The getseq function can of course be used on an Atom list, accepts selections as the last argument, as well as the reading and writing functions:
julia> using PDBTools
julia> atoms = read_pdb(PDBTools.SMALLPDB);
julia> getseq(atoms, "residue > 1")
2-element Vector{String}:
"C"
"D"Residue tick labels for plots
The residue_ticks function provides a practical way to define tick labels in plots associated to an amino-acid sequence:
residue_ticks(
atoms (or) residues (or) residue iterator;
first=nothing, last=nothing, stride=1, oneletter=true, serial=false,
)The input structure can be provided as a vector of atoms (type Vector{<:Atom}) a residue iterator (obtained by eachresidue(atoms)) or a vector of residues (obtained by collect(eachresidue(atoms))).
The function returns a tuple with residue numbers and residue names for the given atoms, to be used as tick labels in plots.

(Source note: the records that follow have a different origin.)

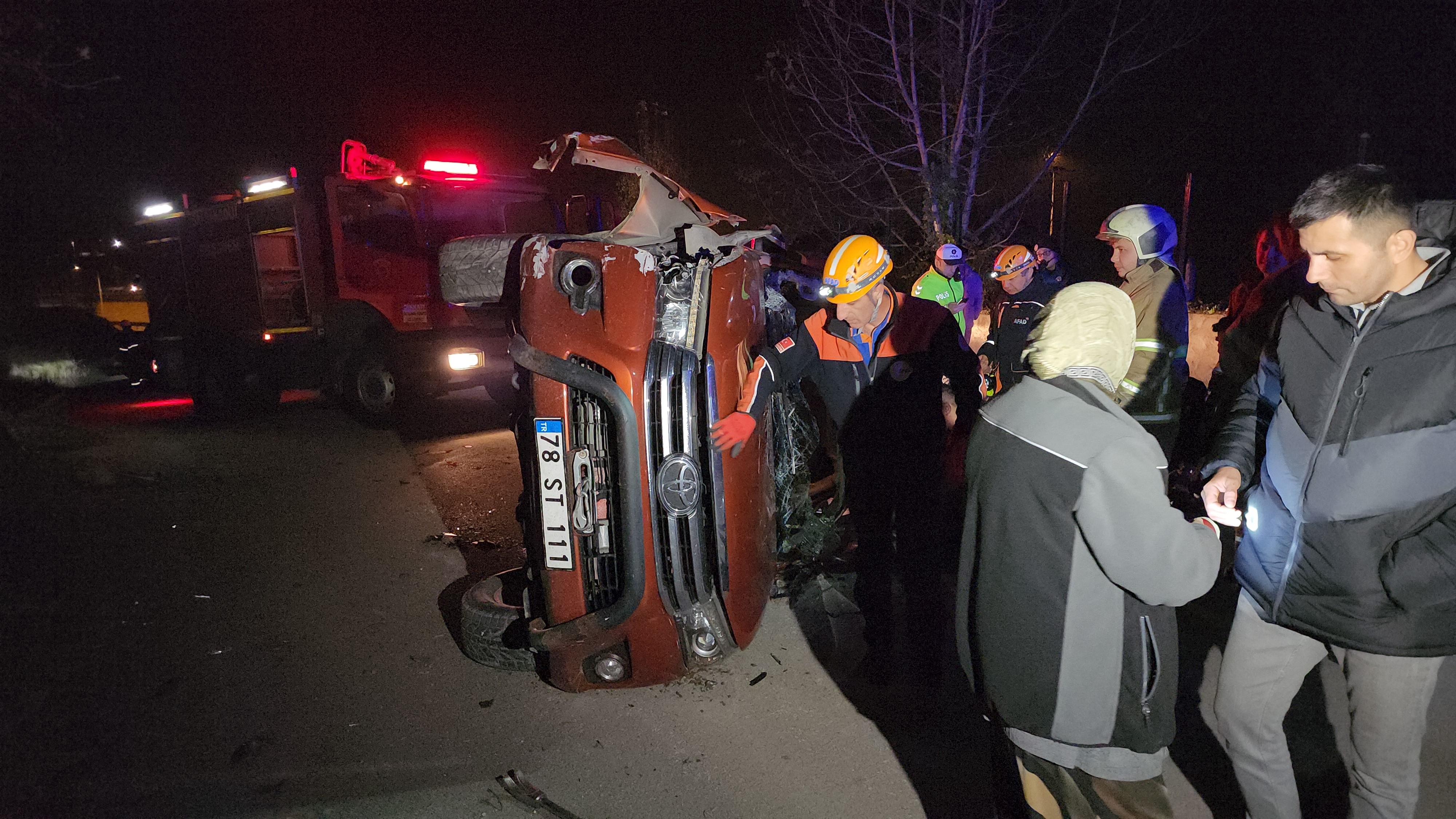 Karabük'ün Safranbolu kontrolden çıkan kamyonet, elektrik direğine çarparak yan yattı. Araçta sıkışan sürücü, itfaiye ve AFAD ekiplerinin yoğun uğraşları sonucu kurtarılarak hastaneye kaldırıldı.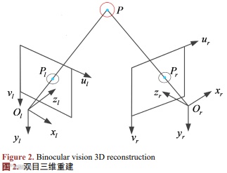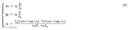 以左相机坐标系为相机参考坐标系,点P 在左相机坐标系中的三维坐标可通过下式计算得出: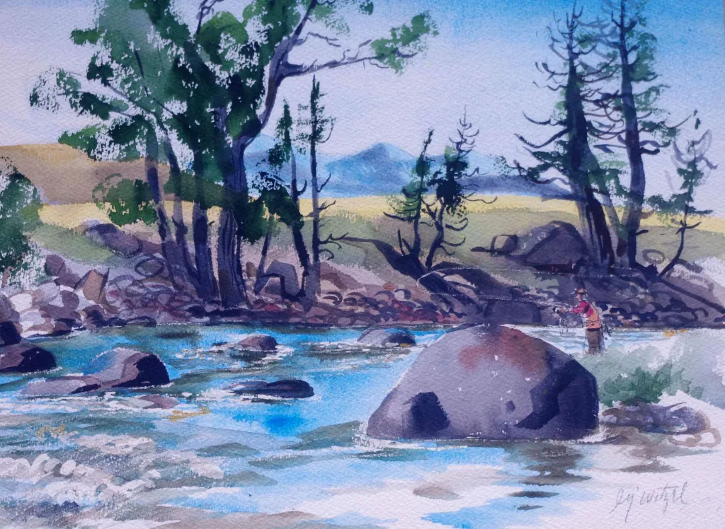 Title: The Boulder River at Ellions, Original Watercolor, size 9" by 12”.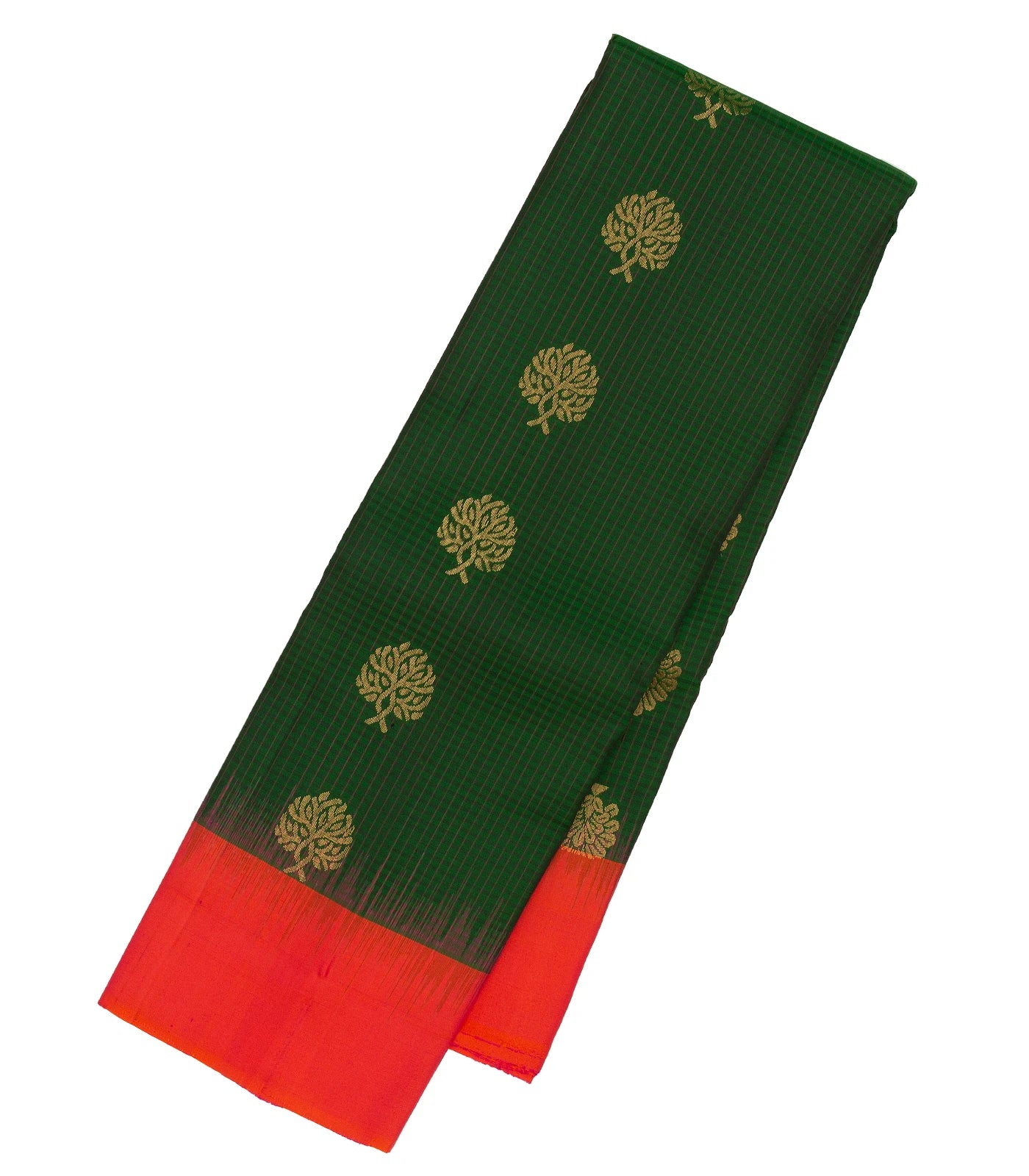 Bottle Green Handloom Soft Silk Saree With Buttas & Contrast Border-SO4034

first and last optional keyword parameters are integers that refer to the residue numbers to be included. The stride option can be used to skip residues and declutter the tick labels.
If oneletter is false, three-letter residue codes are returned. Residues with unknown names will be named X or XXX.

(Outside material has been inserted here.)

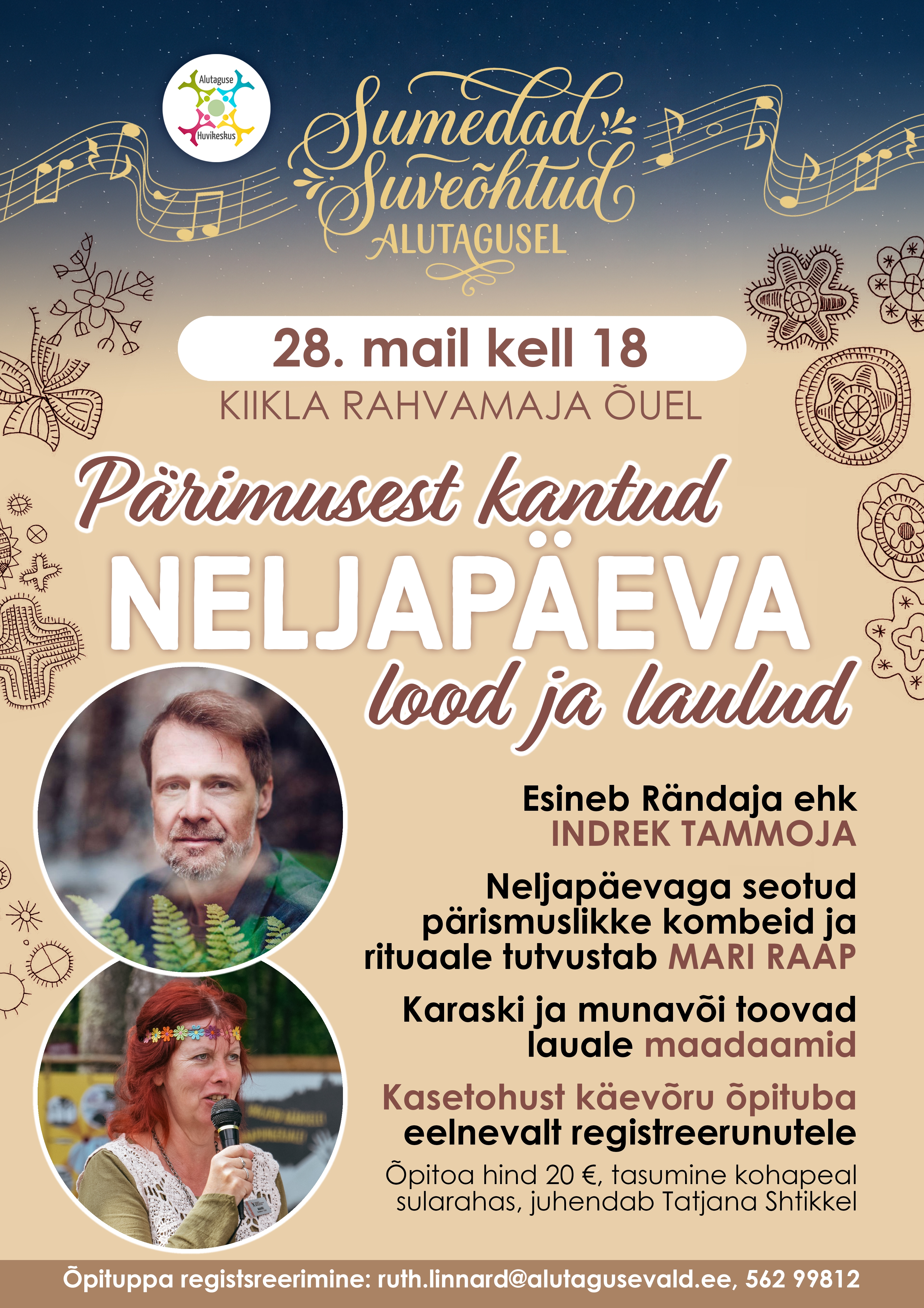 Kasetohust käevõru õpituba eelnevalt registeerunutele (õppituppa registreerimine ruth.linnard@alutagusevald.ee). Osalustasu 20 €, juhendab Tatjana Shtikkel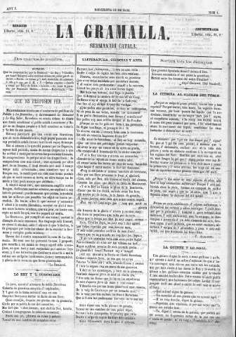 –La Gramalla: semmanari català : lliteratura, ciencias y arts.Ed. La Jove Catalunya/ Estampa de Lluís Fiol, Barcelona, 1870. Dirigida per: Francesc Matheu. Editada per: La Jove Catalunya

If serial=false, the positions of the ticks will be returned as the serial residue index in the structure. If serial=true, the positions of the ticks are returned as their residue numbers. This difference is important if the residue numbers do not start at 1, and depending on the indexing of the data to be plotted.
PDBTools.residue_ticks — Function
residue_ticks(
atoms (or) residues (or) residue iterator;
first=nothing, last=nothing, stride=1, oneletter=true, serial=false
)Returns a tuple with residue numbers and residue names for the given atoms, to be used as tick labels in plots.
The structure data can be provided a vector of Atoms, a vector of Residues or an eachresidue iterator.
first and last optional keyword parameters are integers that refer to the residue numbers to be included. The stride option can be used to skip residues and declutter the tick labels.
If oneletter is false, three-letter residue codes are returned. Residues with unknown names will be named X or XXX.
If serial=true the sequential residue index will be used as the index of the ticks. If instead serial=false, the positions will be set to the residue numbers.
Examples
julia> using PDBTools
julia> atoms = wget("1LBD", "protein");
julia> residue_ticks(atoms; stride=50) # Vector{<:Atom} as input
(Int32[225, 275, 325, 375, 425], ["S225", "Q275", "L325", "L375", "L425"])
julia> residue_ticks(atoms; first=235, last=240) # first=10
(Int32[235, 236, 237, 238, 239, 240], ["I235", "L236", "E237", "A238", "E239", "L240"])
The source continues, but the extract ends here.